▶ _SUPPLIED RECORDS_
▼▼▼
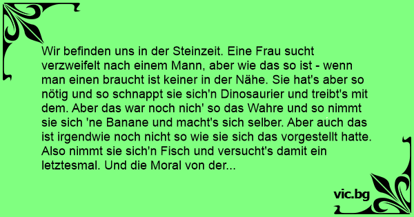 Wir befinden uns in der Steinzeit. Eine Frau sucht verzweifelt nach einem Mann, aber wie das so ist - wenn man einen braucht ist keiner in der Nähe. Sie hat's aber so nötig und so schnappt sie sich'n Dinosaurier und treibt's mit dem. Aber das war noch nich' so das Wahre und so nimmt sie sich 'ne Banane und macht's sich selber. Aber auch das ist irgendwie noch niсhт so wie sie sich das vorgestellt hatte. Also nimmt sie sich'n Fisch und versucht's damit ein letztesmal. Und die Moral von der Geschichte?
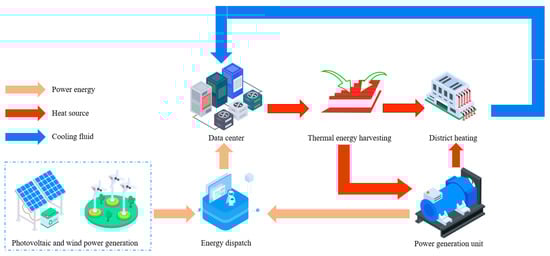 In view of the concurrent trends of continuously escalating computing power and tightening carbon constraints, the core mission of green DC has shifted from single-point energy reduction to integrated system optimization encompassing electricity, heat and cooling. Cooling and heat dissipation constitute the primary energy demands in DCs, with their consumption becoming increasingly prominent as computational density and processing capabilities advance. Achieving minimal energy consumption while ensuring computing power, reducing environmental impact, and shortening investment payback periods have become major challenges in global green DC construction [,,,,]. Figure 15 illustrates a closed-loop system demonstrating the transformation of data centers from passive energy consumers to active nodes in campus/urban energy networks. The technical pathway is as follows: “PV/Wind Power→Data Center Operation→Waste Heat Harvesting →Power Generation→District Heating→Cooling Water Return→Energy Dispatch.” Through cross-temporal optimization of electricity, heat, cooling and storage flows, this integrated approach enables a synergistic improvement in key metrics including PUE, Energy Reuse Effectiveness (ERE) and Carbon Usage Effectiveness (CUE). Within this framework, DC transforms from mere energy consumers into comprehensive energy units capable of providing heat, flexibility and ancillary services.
▲▲▲
▼▼▼
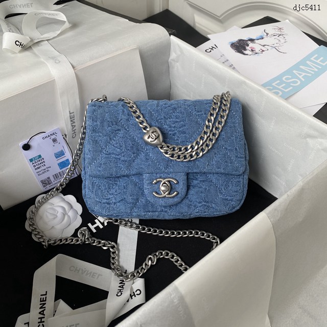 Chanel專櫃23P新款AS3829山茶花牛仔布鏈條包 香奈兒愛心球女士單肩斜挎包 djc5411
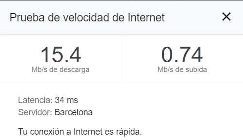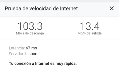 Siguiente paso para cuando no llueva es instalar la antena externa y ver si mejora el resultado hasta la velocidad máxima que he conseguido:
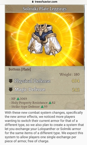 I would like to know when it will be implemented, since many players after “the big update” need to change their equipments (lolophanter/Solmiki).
▲▲▲
▼▼▼
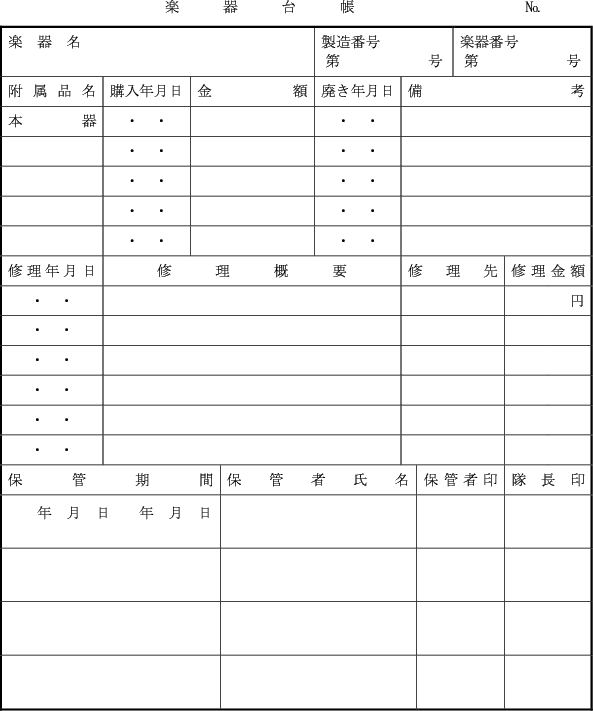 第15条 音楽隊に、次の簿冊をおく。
▲▲▲
▶ _EXERCISE DESCRIPTION_
Using the entries above, extract exactly the lines from the one that contains "Siguiente paso para" through the one that contains "I would like". Do not carry over any pictures.

▶ _RESPONSE TO THIS TASK_
 Siguiente paso para cuando no llueva es instalar la antena externa y ver si mejora el resultado hasta la velocidad máxima que he conseguido:
 I would like to know when it will be implemented, since many players after “the big update” need to change their equipments (lolophanter/Solmiki).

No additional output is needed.